Mandelstam Variables for 2->2 Scattering with Equal Masses in CoM Frame

[vanhees71]

I'd put $u=4m^2-s-t$. Then the cross section depends only on $s$ and $t$. As shown above through $t$ the expression depends on the scattering angle $\vartheta$. Then you can check, where the expression at fixed $s=E_{\text{cm}}^2$ is maximal as a function of $t$ and thus which angles dominate.

 

[spaghetti3451]

I'd put $u=4m^2-s-t$. Then the cross section depends only on $s$ and $t$. As shown above through $t$ the expression depends on the scattering angle $\vartheta$. Then you can check, where the expression at fixed $s=E_{\text{cm}}^2$ is maximal as a function of $t$ and thus which angles dominate.

Ah!

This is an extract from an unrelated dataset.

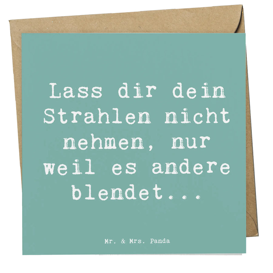 Diese Karte eignet sich hervorragend für zahlreiche Anlässe wie Geburtstage, Hochzeiten, Verabschiedungen oder einfach nur um einem Freund zu sagen, wie toll er ist. Der Spruch "Lass dir dein Strahlen nicht nehmen, nur weil es andere blendet..." inspiriert und ermutigt dazu, das eigene Selbstvertrauen nie zu verlieren.

I see!

So, you suggest the following:

$\displaystyle{\frac{d\sigma}{d\theta} = \frac{|\mathcal{M}|^{2}}{64\pi^{2}E_{\text{cm}}^{2}}}$

$\displaystyle{= \frac{g^{4}}{64\pi^{2}E_{\text{cm}}^{2}}\left|\frac{i}{s-m^{2}} + \frac{i}{t-m^{2}} + \frac{i}{u-m^{2}}\right|^{2}}$

$\displaystyle{= \frac{g^{4}}{64\pi^{2}s}\left(\frac{1}{s-m^{2}} + \frac{1}{t-m^{2}} + \frac{1}{u-m^{2}}\right)^{2}}$

$\displaystyle{= \frac{g^{4}}{64\pi^{2}s}\left(\frac{1}{s-m^{2}} + \frac{1}{t-m^{2}} + \frac{1}{(4m^{2}-s-t)-m^{2}}\right)^{2}}$

$\displaystyle{= \frac{g^{4}}{64\pi^{2}s}\left(\frac{1}{s-m^{2}} + \frac{1}{t-m^{2}} + \frac{1}{3m^{2}-s-t}\right)^{2}}$

$\displaystyle{\frac{d\sigma}{d\theta} = \frac{g^{4}}{64\pi^{2}s}\left(\frac{1}{s-m^{2}} + \frac{1}{-\sqrt{s-4m^{2}}(1-\cos\theta)-m^{2}} + \frac{1}{3m^{2}-s+\sqrt{s-4m^{2}}(1-\cos\theta)}\right)^{2}}$

For $s\gg \sqrt{m}$,

$\displaystyle{\frac{d\sigma}{d\theta} = \frac{g^{4}}{64\pi^{2}s}\left(\frac{1}{s} + \frac{1}{-\sqrt{s}(1-\cos\theta)-m^{2}} + \frac{1}{-s+\sqrt{s}(1-\cos\theta)}\right)^{2}}$

So, the differential cross-section, for a fixed $s$, is a maximum at angles $\theta = 2\pi n$, where $n=0, \pm 1, \pm 2, \dots$.

What do you think?

 

[Jilang]

I think the square root looks wrong and the expression is dimensionally inconsistent.